Less than 1% of the training dataset belongs to the positive binds class, making this dataset highly imbalanced. When creating the silver layer downsampling can be performed to reduce dataset size and make analysis, feature engineering, and modeling more feasible on local compute with less data. 

Almost the entirety of important molecule information is contained in the "molecule_smiles" column. The more unique molecule smiles that appear for the negative class the more data we likely need to keep for any future model to generalize well to unseen data. Below we take the first 200,000 negative class rows in the train set and assess how many of the 200,000 observed molecule_smiles values are unique.
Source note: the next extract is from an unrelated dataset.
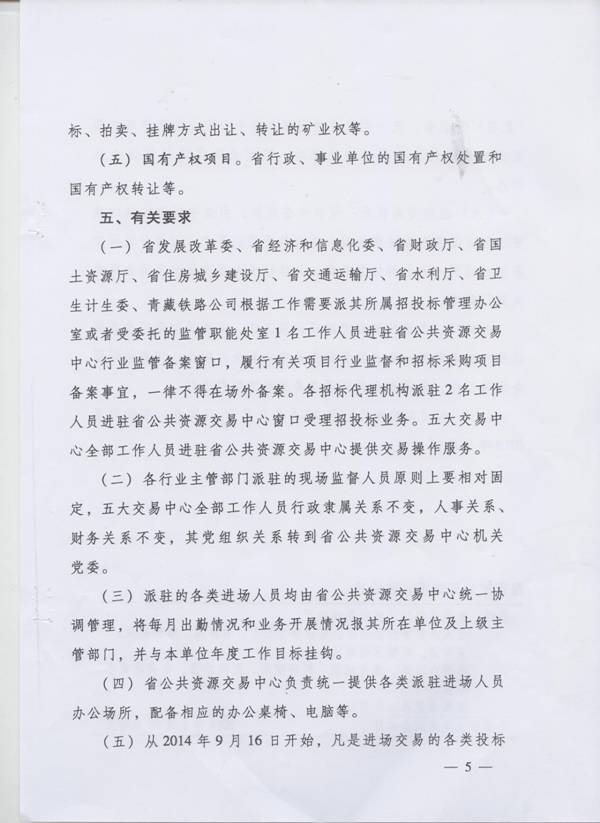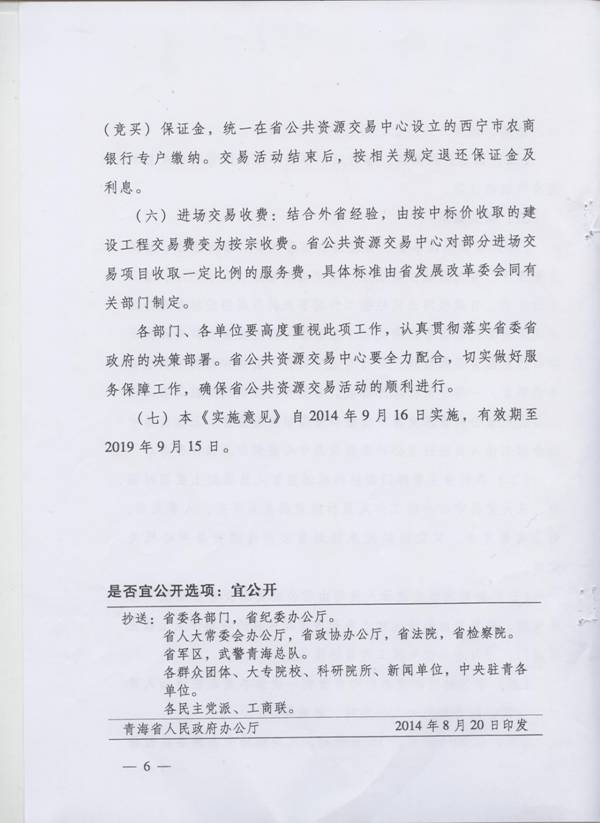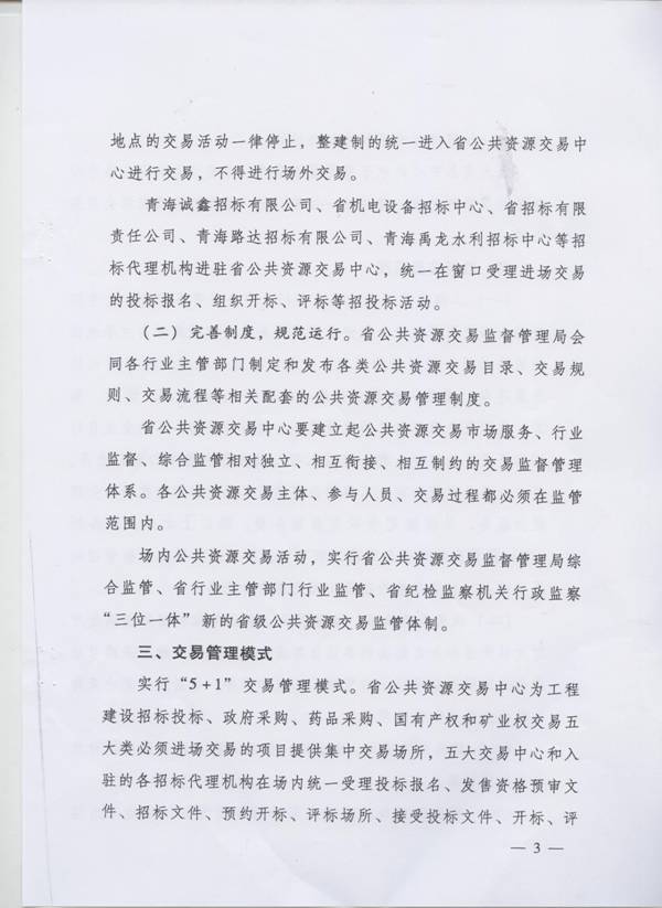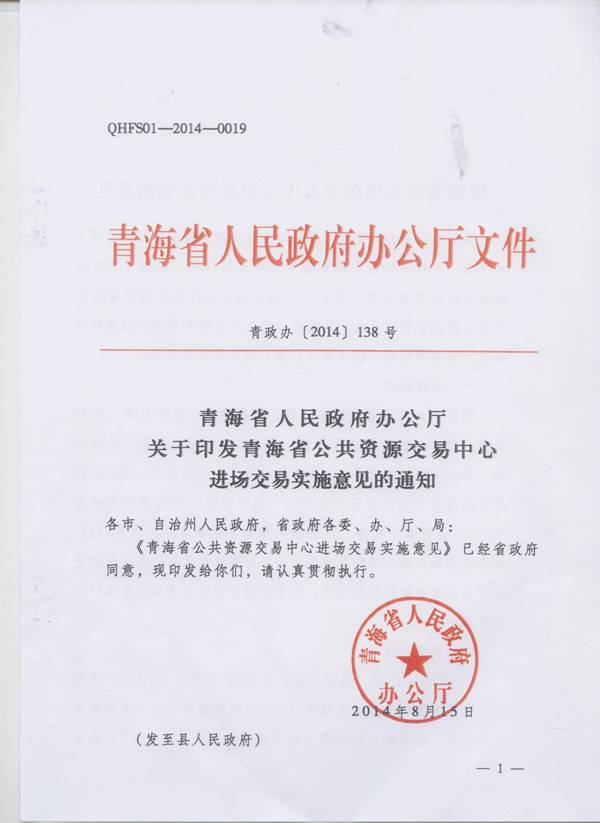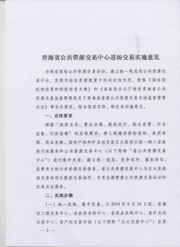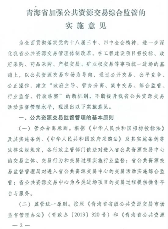 《关于青海省加强公共资源交易综合监管的实施意见》(青政办[2015]62号)

A higher level of uniqueness will motivate the belief that uniqueness is common in the data and drive a decision to retain more negative class samples so a future model can see as many molecule_smiles as possible.  

In [4]:
top_n = (train_df
         .filter(pl.col("binds")==0)
         .select("molecule_smiles")
         .head(n=200000)
         .collect(streaming=True)
         .n_unique())

In [5]:
print(f"{top_n} of 200,000 molecule_smiles sampled are unique.")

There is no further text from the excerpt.